[Data entries]
-=-=-=-=-
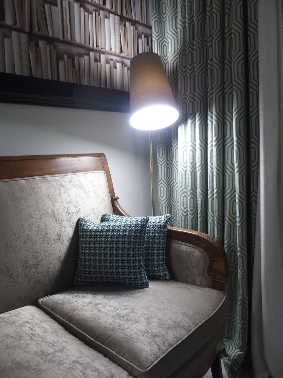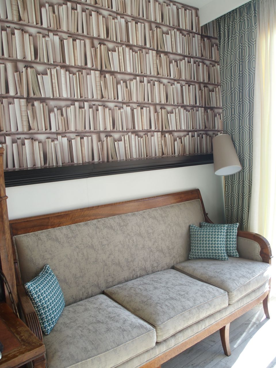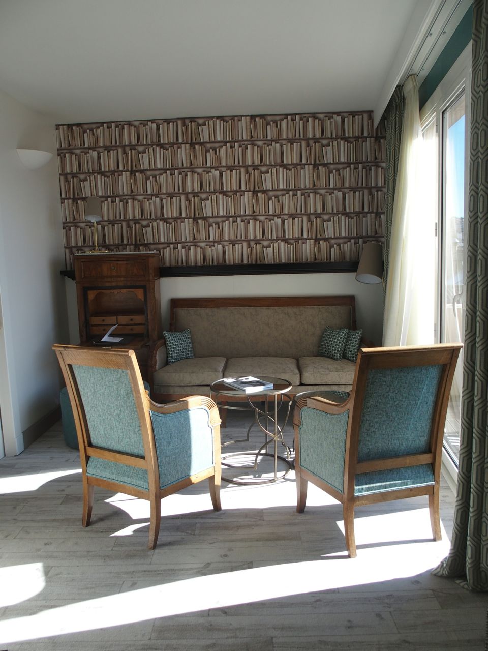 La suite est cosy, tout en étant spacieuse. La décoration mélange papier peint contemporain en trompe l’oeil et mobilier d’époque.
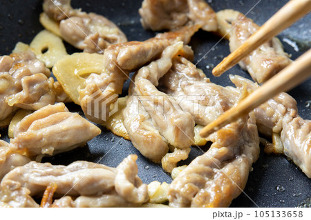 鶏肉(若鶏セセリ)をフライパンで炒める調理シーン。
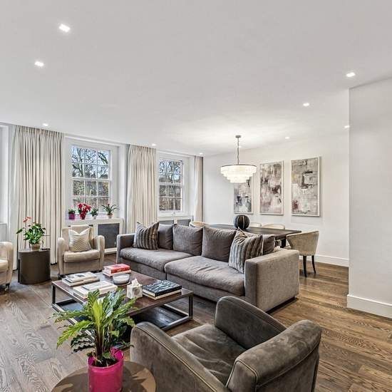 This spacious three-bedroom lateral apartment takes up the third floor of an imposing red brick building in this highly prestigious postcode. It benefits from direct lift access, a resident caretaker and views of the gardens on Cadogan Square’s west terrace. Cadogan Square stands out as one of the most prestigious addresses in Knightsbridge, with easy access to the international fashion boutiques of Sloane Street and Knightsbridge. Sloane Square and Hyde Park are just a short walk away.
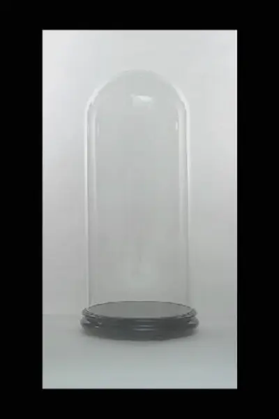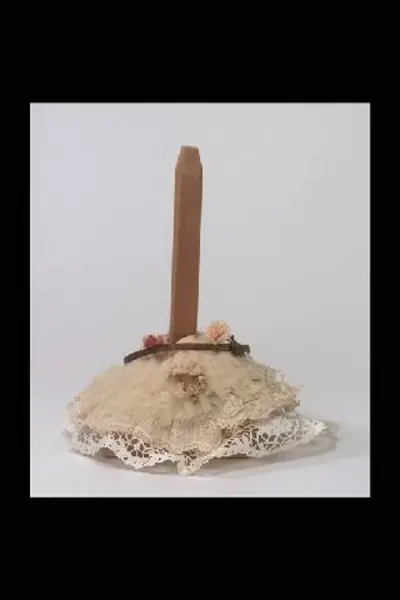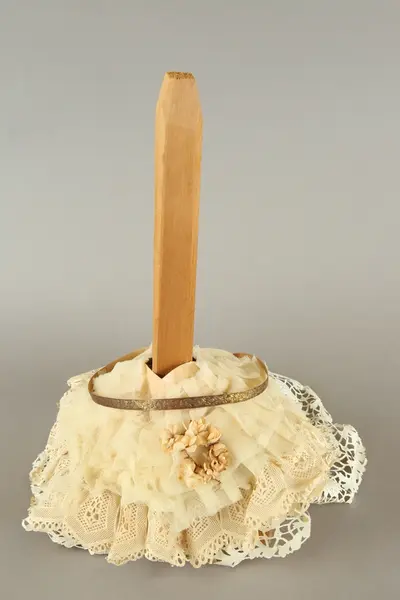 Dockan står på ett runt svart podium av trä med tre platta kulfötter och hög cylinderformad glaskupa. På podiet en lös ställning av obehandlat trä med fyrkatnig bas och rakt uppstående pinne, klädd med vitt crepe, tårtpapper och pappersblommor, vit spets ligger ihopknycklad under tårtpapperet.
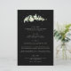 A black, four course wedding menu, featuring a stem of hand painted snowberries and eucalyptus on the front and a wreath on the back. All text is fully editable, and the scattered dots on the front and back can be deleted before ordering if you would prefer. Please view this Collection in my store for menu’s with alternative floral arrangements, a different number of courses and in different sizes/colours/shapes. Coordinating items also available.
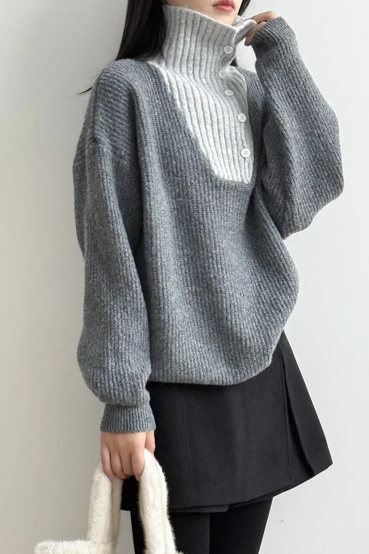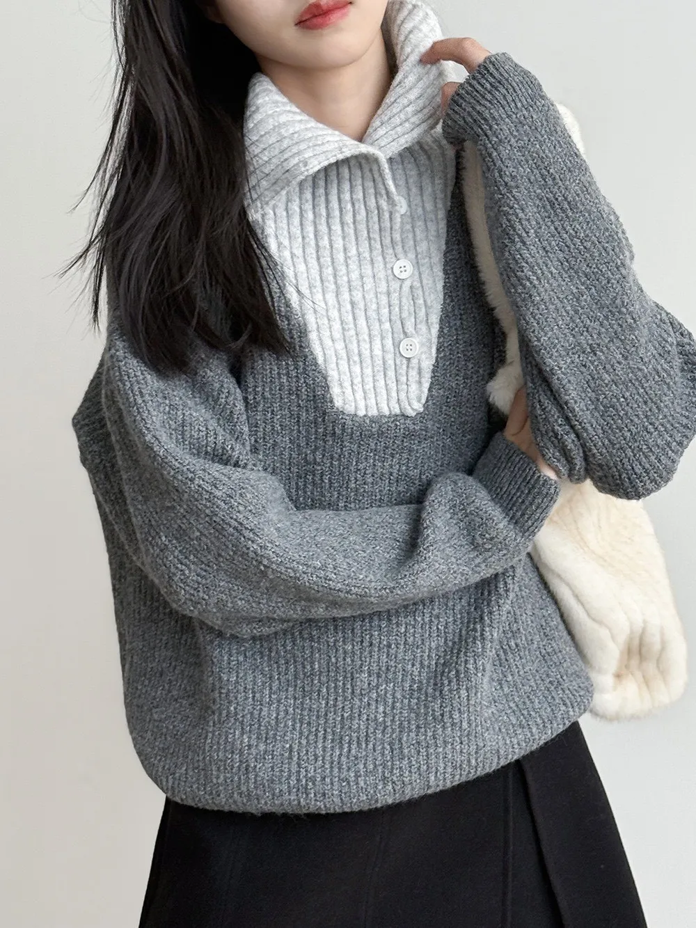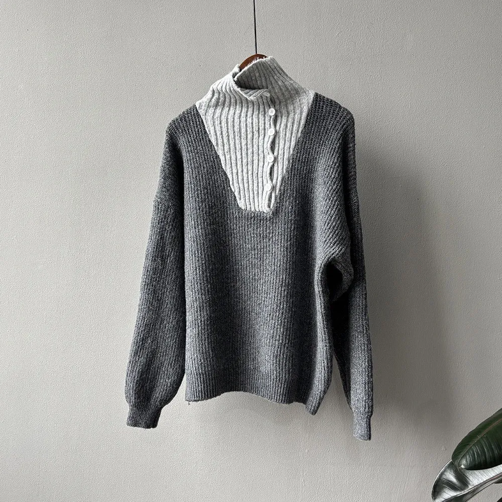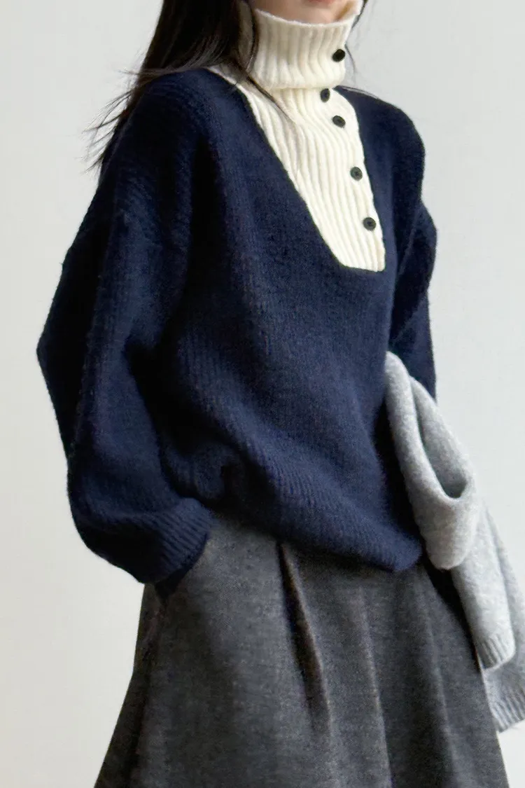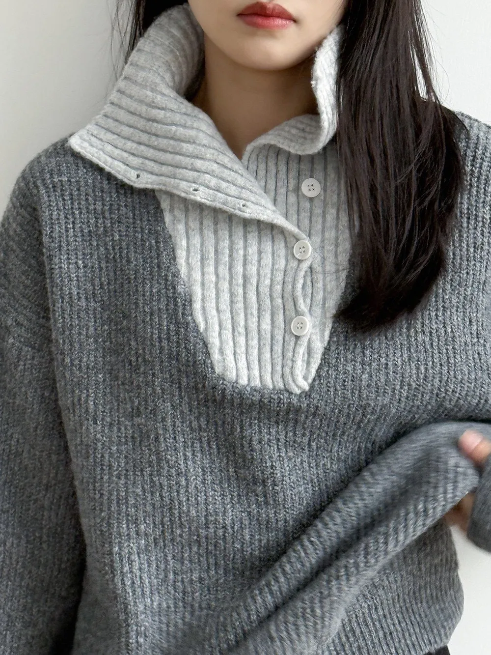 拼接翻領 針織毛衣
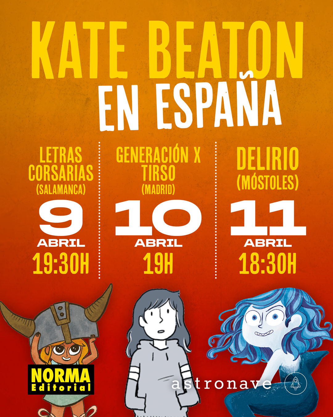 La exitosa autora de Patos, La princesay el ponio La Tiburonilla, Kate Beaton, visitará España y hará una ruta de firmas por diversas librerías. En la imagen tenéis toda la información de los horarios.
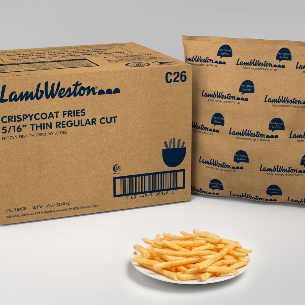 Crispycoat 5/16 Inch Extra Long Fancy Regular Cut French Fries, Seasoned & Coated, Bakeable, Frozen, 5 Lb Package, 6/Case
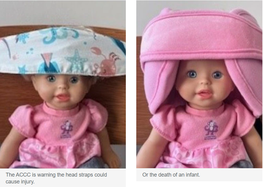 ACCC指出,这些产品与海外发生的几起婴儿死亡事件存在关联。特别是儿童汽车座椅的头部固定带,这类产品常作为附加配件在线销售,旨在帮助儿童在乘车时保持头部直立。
-=-=-=-=-
TASK TO COMPLETE: Could you copy every record exactly, without the pictures?

TASK RESPONSE:
 La suite est cosy, tout en étant spacieuse. La décoration mélange papier peint contemporain en trompe l’oeil et mobilier d’époque.
 鶏肉(若鶏セセリ)をフライパンで炒める調理シーン。
 This spacious three-bedroom lateral apartment takes up the third floor of an imposing red brick building in this highly prestigious postcode. It benefits from direct lift access, a resident caretaker and views of the gardens on Cadogan Square’s west terrace. Cadogan Square stands out as one of the most prestigious addresses in Knightsbridge, with easy access to the international fashion boutiques of Sloane Street and Knightsbridge. Sloane Square and Hyde Park are just a short walk away.
 Dockan står på ett runt svart podium av trä med tre platta kulfötter och hög cylinderformad glaskupa. På podiet en lös ställning av obehandlat trä med fyrkatnig bas och rakt uppstående pinne, klädd med vitt crepe, tårtpapper och pappersblommor, vit spets ligger ihopknycklad under tårtpapperet.
 A black, four course wedding menu, featuring a stem of hand painted snowberries and eucalyptus on the front and a wreath on the back. All text is fully editable, and the scattered dots on the front and back can be deleted before ordering if you would prefer. Please view this Collection in my store for menu’s with alternative floral arrangements, a different number of courses and in different sizes/colours/shapes. Coordinating items also available.
 拼接翻領 針織毛衣
 La exitosa autora de Patos, La princesay el ponio La Tiburonilla, Kate Beaton, visitará España y hará una ruta de firmas por diversas librerías. En la imagen tenéis toda la información de los horarios.
 Crispycoat 5/16 Inch Extra Long Fancy Regular Cut French Fries, Seasoned & Coated, Bakeable, Frozen, 5 Lb Package, 6/Case
 ACCC指出,这些产品与海外发生的几起婴儿死亡事件存在关联。特别是儿童汽车座椅的头部固定带,这类产品常作为附加配件在线销售,旨在帮助儿童在乘车时保持头部直立。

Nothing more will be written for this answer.